Things to be considered:

  1. Uniformed service pension?
  2. Is the pension a defined contribution or defined benefits one?
  3. Does the defined contributions pension have a guaranteed annuity rate?
  4. Is the defined contributions pension a simple money market or self-invested personal pension?
  5. Is the defined benefits pension public or private?
  6. Is the defined benefit pension index-linked?
  7. Does the defined benefit pension have an internal and/or external transfer option?
  8. How is the CETV calculated?
  9. Age of retirement.
  10. The benefits gap i.e. the deferral of the receipt of benefit until retirement age.
  11. Is the lump sum commutable?
  12. Is one party currently paying spousal or child maintenance or perhaps toward the costs of a second household?
  13. Should the application for a pension share be adjourned?
  14. Is the pension already in payment?
  15. Is there an annual allowance tax charge?

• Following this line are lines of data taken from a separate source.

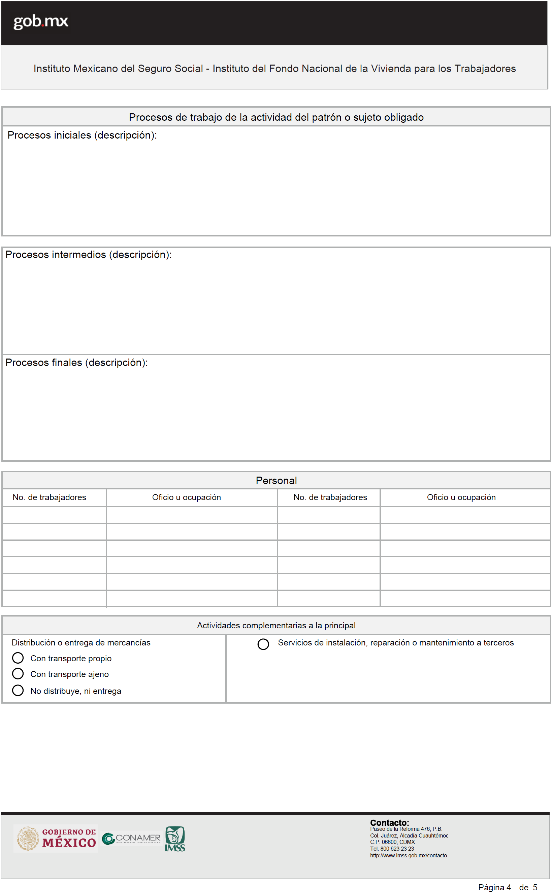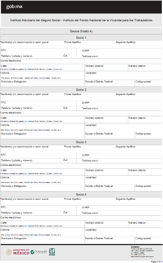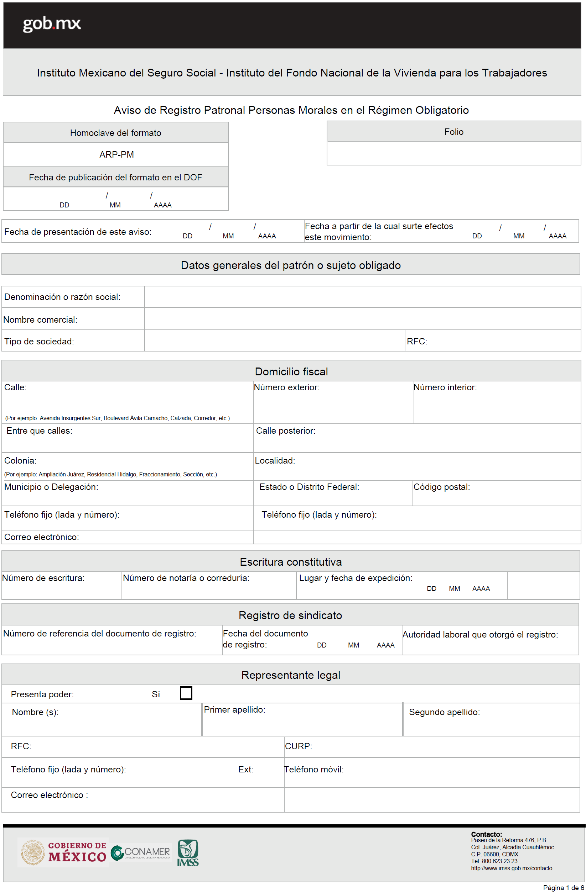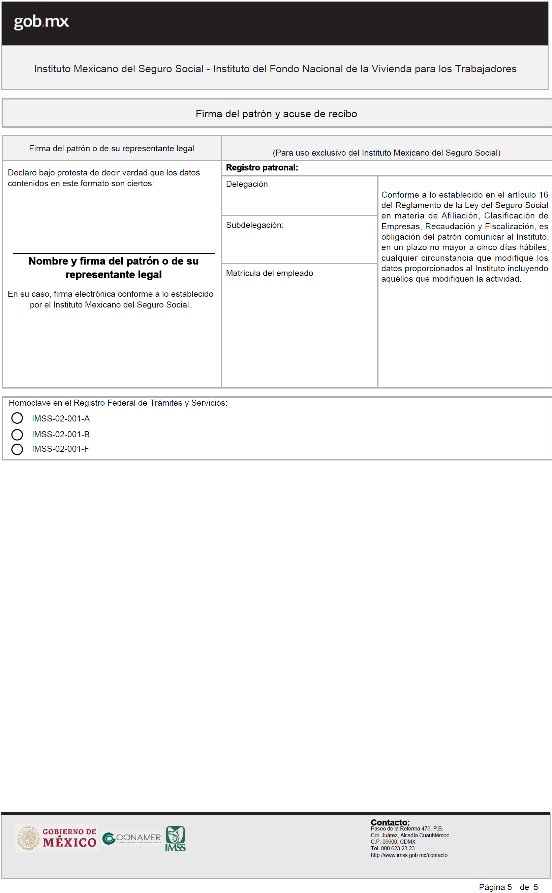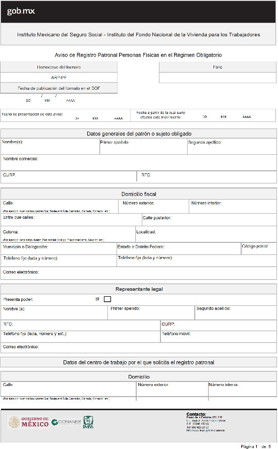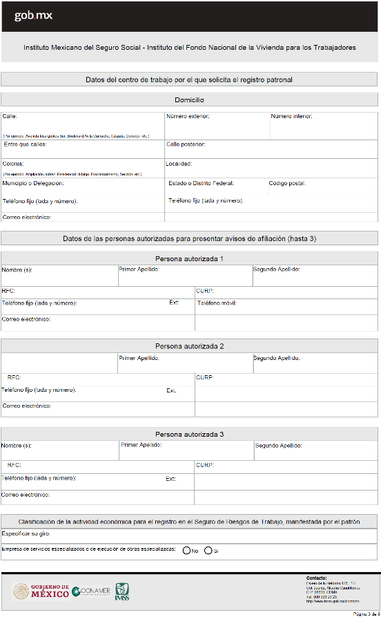 | PLAZO MÁXIMO DE LA RESOLUCIÓN DEL TRÁMITE 1 día hábil. PLAZO DE PREVENCIÓN Inmediato. VIGENCIA DEL TRÁMITE 1 año. DATOS Del Patrón Persona Física con trabajadores asegurados a su servicio: 1. Clave Única de Registro de Población (CURP). 2. Número de Seguridad Social. 3. Correo electrónico 4. En su caso, datos para responder cuestionario médico proporcionado por el IMSS, llenado por el solicitante y por cada familiar a asegurar, cuando aplique, original. DOCUMENTOS Del Patrón Persona Física con trabajadores asegurados a su servicio: 1. Identificación oficial vigente. Original y Copia. 2. Comprobante de domicilio. Original y Copia. |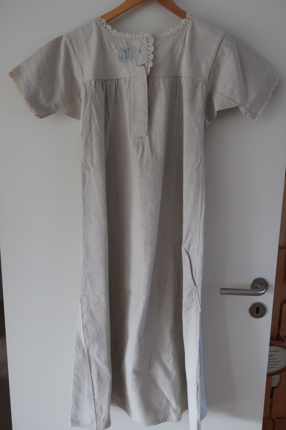 An antique shift with hand made buttonholes, embroidered hand-made initials and other items to make the dress beautiful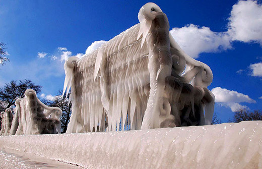 2月17日希臘北部一個(gè)小城,戶(hù)外的長(zhǎng)凳被冰覆蓋。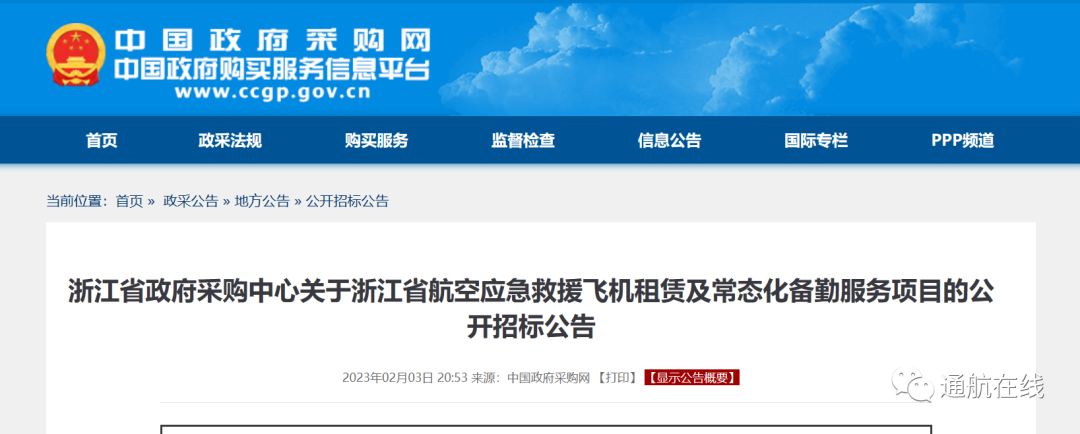 浙江省航空应急救援飞机租赁及常态化备勤服务项目招标项目的潜在投标人应在浙江政府采购网获取(下载)招标文件,并于 2023年02月24日 09:00(北京时间)前递交(上传)投标文件。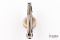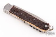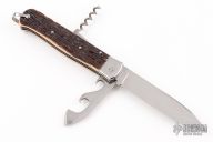 This vintage scout knife by Bargeon features two blades with nail nicks, one with can opener, lanyard bail/blade stop, and cork screw. The handle has stainless bolsters and faux bone scales. Coin edge stainless liners and stainless springs. Has some scuffs and scratches, great condition otherwise.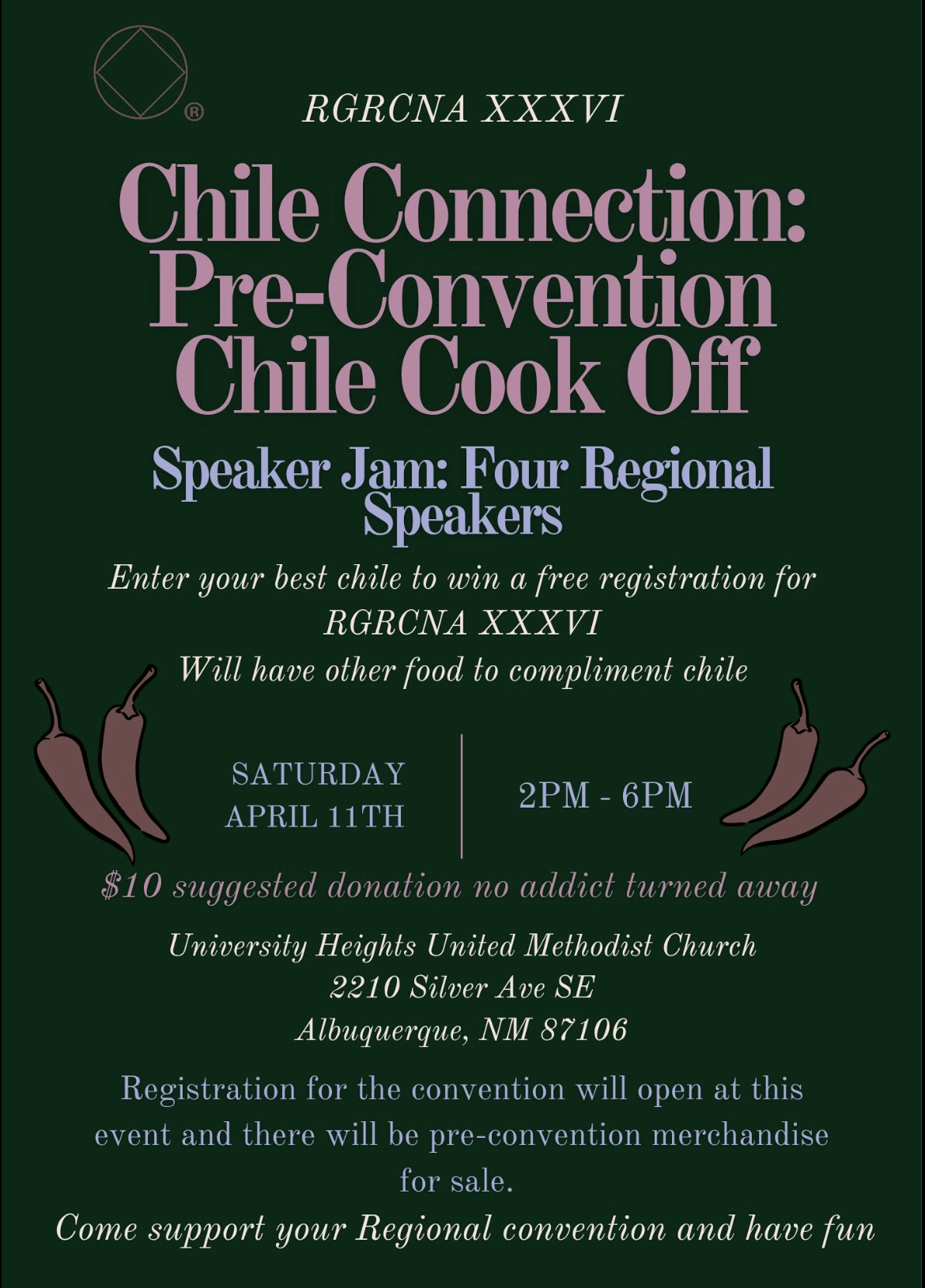 Chile Connection: Pre-Convention Chile Cook Off Speaker Jam: Four Regional Speakers Enter your best chile to win a free registration for RGRCNA XXXVI Will have other food to compliment chile […]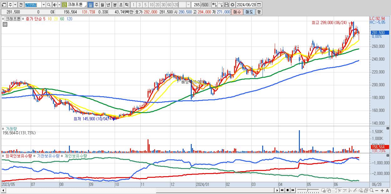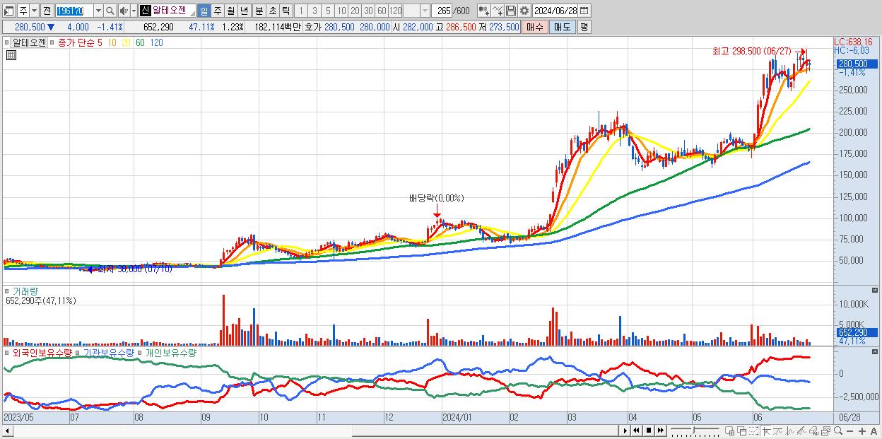 - 알테오젠 (280,500원 ▼ -1.41% , 시총: 149,082억, 외국인 순매수 거래금:136억)
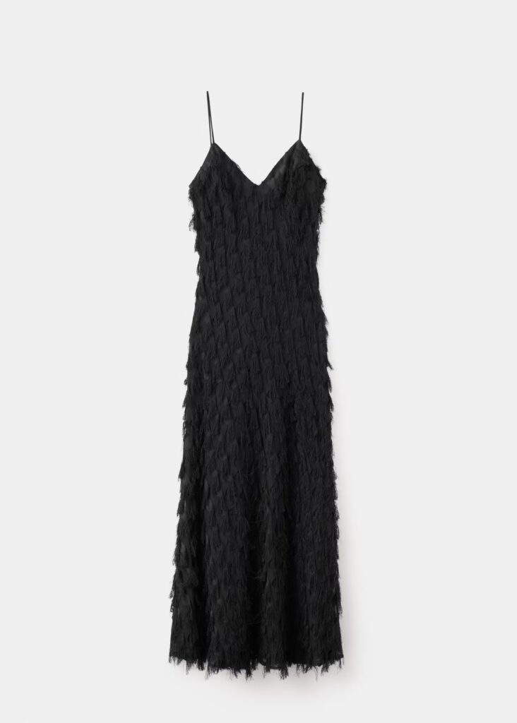 Diseño de Mango largo de silueta recta con escote en pico, tirantes finos y espalda abierta que aporta un aire elegante y actual. Los detalles deshilachados introducen un acabado más desenfadado y contemporáneo, muy en línea con las tendencias de invitada relajada que se ven esta temporada.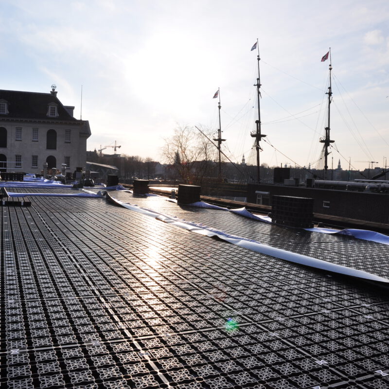 Op het Marineterrein ligt een blauw-groen onderzoeksdak, Project Smartroof 2.0. Op dit dak wordt wetenschappelijk onderzoek gedaan naar de verkoelende werking van blauw-groene daken.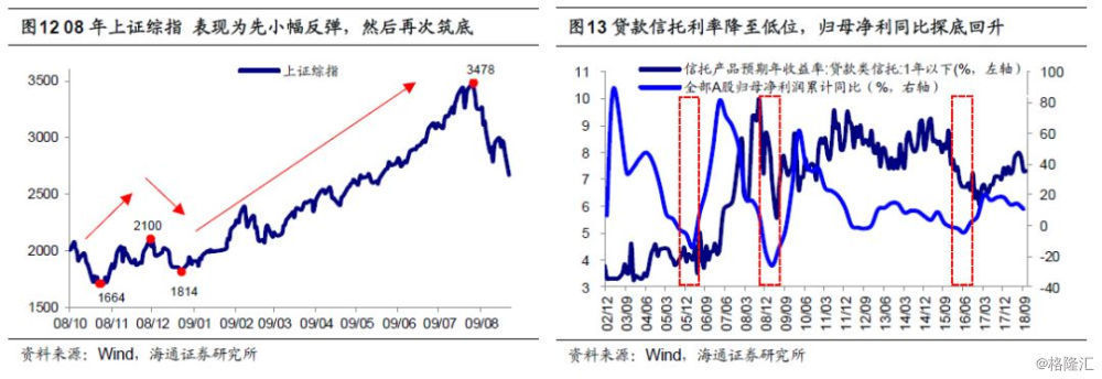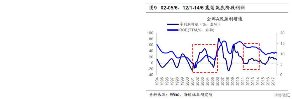 A股常见“尖顶圆底”。回顾5轮牛中周期的顶部和底部,往往是“尖顶圆底”。上证综指在见顶之后的熊市下跌往往时间短、跌幅深,五轮牛熊周期中熊市平均约10月,跌幅在30%-79%之间。而市场在底部阶段,除08年以外都经历了长期的磨底过程,如94/7-96/1的震荡筑底阶段持续了15个月,02/1-05/6持续了40个月,12/1-14/6持续了31个月,16/1至今的震荡筑底阶段也持续了35个月。回顾2000年以来998点、1664点、1849点三次熊市筑底的背景:第一次,在02/1-05/6震荡筑底阶段。在经历了01/6-02/1从2245点-1330点的两轮下跌后,市场进入了2年多1300点-1780点的横盘震荡期。03-04年宏微观基本面均好转,港股开启牛市,但04年之后经济出现过热苗头,这导致04后的宏观调控政策趋紧,04/10央行加息,经济增速再次回落,市场开始破位下跌。2005年4月29日证监会在宣布启动股权分置改革的试点工作,这引发了市场恐慌,上证综指最终跌至998点。直到2005/6/6之后监管层频繁推出利好政策,加上宏微观基本面逐步好转,市场逐步进入波浪壮阔的大牛市,从998点一路上涨到6124点。第二次,08年1664点的熊市背景是:07年经济繁荣,通胀上升,导致07年3月后央行持续加息收紧货币政策,紧缩政策不断累积后07年10月16日6124点开始见顶下跌。2008年上半年国内货币政策继续收紧,08年三季度叠加全球金融危机冲击,宏观经济与企业盈利都快速下滑,08年全部A股净利润增速从07年的49%降至08年的-17%,ROE(TTM)从15.7%回落至11.9%,最终指数跌至1664点。之后四万亿投资、十万亿信贷为代表的大规模刺激需求政策推动经济见底回升,股市迎来了V型反转的牛市,从1664点一路上涨至3478点。第三次,12/1-14/6的磨底阶段,宏观经济缓慢下行,GDP增速由2012年的8.1%降至2014Q2的7.5%。这轮磨底阶段最低点出现在2013年6月25日,源于“钱荒”事件,上证综指最低1849点。之后在2000点附近磨底1年,14年7月开始缓慢上涨,11月央行在正式下调贷款基准利率后货币政策转向宽松,市场迎来一轮流动性驱动的牛市,类似1996-2001年。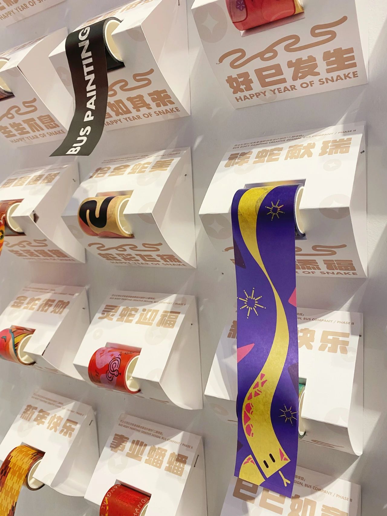 作品简述:本设计以金蛇舞动迎新春为主题,搭配经典红金色调,旨在体现春节喜庆洋洋氛围的同时,展示上海“百年公交”悠久历史的底蕴。传统色调与现代平面语言并置,融合了对美的追求和对传统的尊重,希望为市民和游客带来愉悦的视觉体验。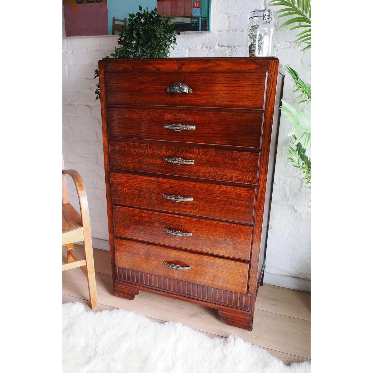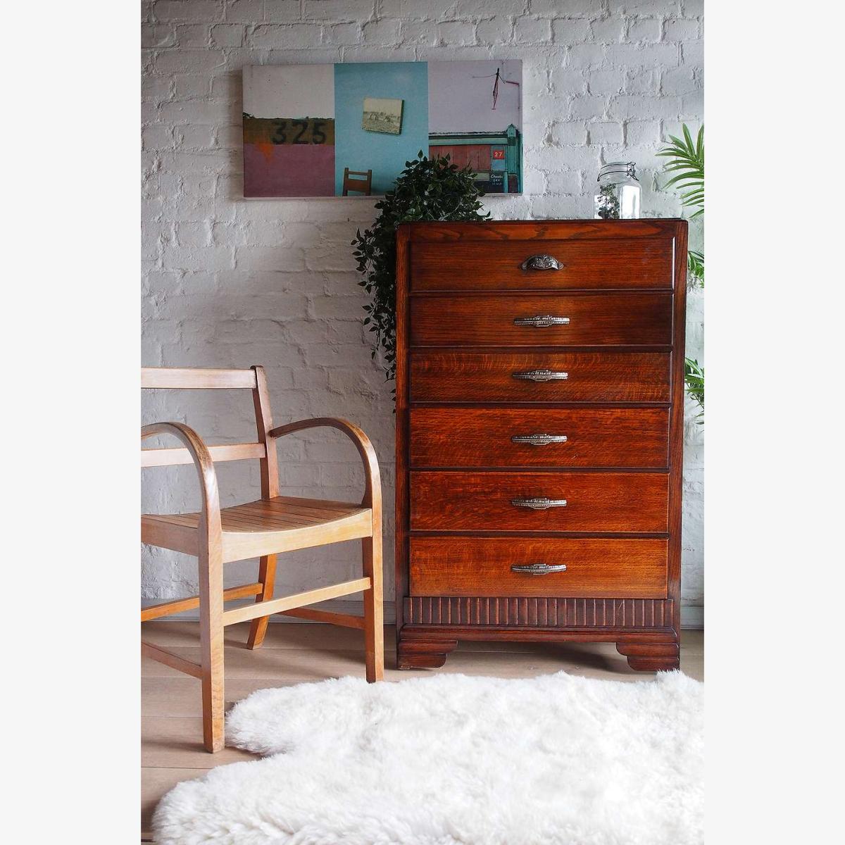 Beautiful wooden chest with ornate handles and bracket feet, a true vintage piece sourced from the 1960s. Features a rich oak construction with six functional drawers, the perfect addition to your mid-century interiors. *Please note: This item is not eligible for Next Day Delivery. For any large furniture, delivery can take between 1-2 weeks and we cannot deliver this outside of UK mainland. All Urban Renewal Vintage homeware is non-returnable. * **About Urban Renewal Vintage** \- One-of-a-kind pieces sourced by the vintage furniture experts at Originall Creations \- Authentic, pre-loved vintage pieces which are sold as seen and therefore may show signs of wear and tear \- This item will be dispatched by the vendor and may take longer to process than other items in your order **Content + Care** \- Oak \- Wipe clean \- Shows some signs of age related patina **Size** \- 121cm x 75cm x 44cm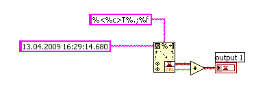 Mir ist schon früher aufgefallen, daß beim Zeitstring der Dezimalpunkt anders behandelt wird als normal. Das sieht man auch schon an der Textdatei im Posting #1: Sie wurde offensichtlich mit Laview generiert, mit Komma els Dezimalzeichen. Das Dezimalzeichen für die Sekundenbruchteile ist aber trotzden ein Punkt!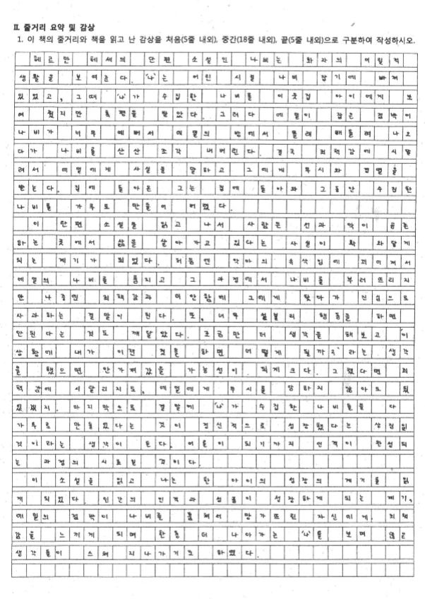 책의 줄거리와 책을 읽고 난 감상을 처음(5줄 내외), 중간(18줄 내외), 끝(5줄 내외)으로 구분하여 작성한다.

  16. Is there a scheme pay feature?
  17. Is the pension above the lifetime allowance?
  18. Are there any pension freedoms e.g. flexi-access drawdown?
  19. Length of marriage.
  20. Number of children.
  21. Medical conditions/life expectancy.

It is important to not automatically write off pensions, even if they are modest. It is worthwhile to explore them and fully understand what they can offer you, as it could either make you or save you money.